Readers have power; whether you are a writer or a reader, you will understand this concept. As readers, we possess the influence to make a book a bestseller or to condemn it to the back pages of Amazon.
When we read, we each interpret the story slightly differently depending on our life experiences and personalities. However, these two stories from history demonstrate that we also have the power to change the narrative for others.
Great Expectations
Charles Dickens’s Great Expectations remains a beautiful tale of unrequited love and personal growth. However, the resolution of the relationship between Pip and Estella became the subject of intense debate.
When Dickens first penned the conclusion in 1861, he stayed true to the novel’s darker themes of trauma and the permanent scars of the past. In this original version, Pip and Estella encounter each other briefly on a London street many years later. Estella has been widowed and remarried, while Pip remains single. They exchange a few words, and that is it. It was a realistic, albeit sombre, ending that suggested some wounds do not heal.
As the story was being published in serial form in Dickens’s weekly periodical, All the Year Round, the public’s investment in Pip’s happiness was palpable. Readers desperately wanted a “happily ever after” for the protagonist they had watched grow from a terrified orphan into a humbled gentleman.
Before the final chapters were published in book form, Dickens showed the manuscript to his friend and fellow novelist, Edward Bulwer-Lytton. Bulwer-Lytton argued that the public would find the original ending too distressing. Dickens, ever sensitive to his audience’s desires and his own commercial success, decided to change it.
I have no doubt the change will be available for the story... I have put as much as I could into the change of the girl, to make it realistic. — Charles Dickens
The revised version is commonly found in modern editions. In this ending, Pip and Estella meet one last time at the ruins of Satis House. The tone is elegiac but hopeful. As they walk out of the garden together, the novel famously concludes: “I saw no shadow of another parting from her.”
While not an explicit wedding announcement, it provided the emotional closure that Victorian audiences craved. It suggested that their shared suffering had finally made a partnership possible.
Sherlock Holmes
Sir Arthur Conan Doyle’s relationship with his most famous creation, Sherlock Holmes, was not always positive. While readers viewed Holmes as a hero, Doyle eventually came to see the detective as a burden that stifled his other ambitions.
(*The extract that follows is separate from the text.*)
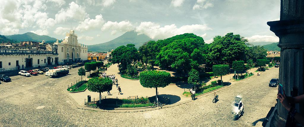 La catedral de San José, frente al Parque Central de la Antigua Guatemala, ofrece una vista llena de elegancia, historia y belleza.

By 1893, Doyle was exhausted. He felt that Holmes’s cold, analytical nature was preventing him from focusing on his historical novels, which he considered his true legacy. To free himself, he wrote The Final Problem, published in The Strand Magazine.
In a dramatic showdown, Holmes and his nemesis, Professor Moriarty, supposedly fell to their deaths at the Reichenbach Falls in Switzerland. Doyle famously wrote in his diary at the time, “Killed Holmes.”
The public reaction was unprecedented. More than 20,000 people cancelled their subscriptions to The Strand in protest. Legends grew of young men wearing black mourning bands on their hats in London. For nearly a decade, during what fans call “The Great Hiatus,” Doyle resisted the pressure to bring the detective back, even as he wrote other works like The Lost World.
Despite his desire for freedom, the character proved impossible to escape. The demand was so high, and the financial offers so lucrative, that Doyle eventually relented. He first teased the public with The Hound of the Baskervilles (set before Holmes’s death), but eventually brought him back to life “officially” in the 1903 story, The Adventure of the Empty House.
Doyle invented a clever explanation involving “Baritsu” (a fictional Japanese martial art) to explain how Holmes survived the fall while Moriarty perished.
Much like Great Expectations, the Holmes canon now exists as two different stories; readers decide their preference.
So, which novel would you change if you could? Would you bring Sirius Black back to look after Harry? Would Gatsby survive the shooting, or would Romeo and Juliet live a long, happy life with many children?
Until next Friday: Read to learn. Read to escape. Read to smile.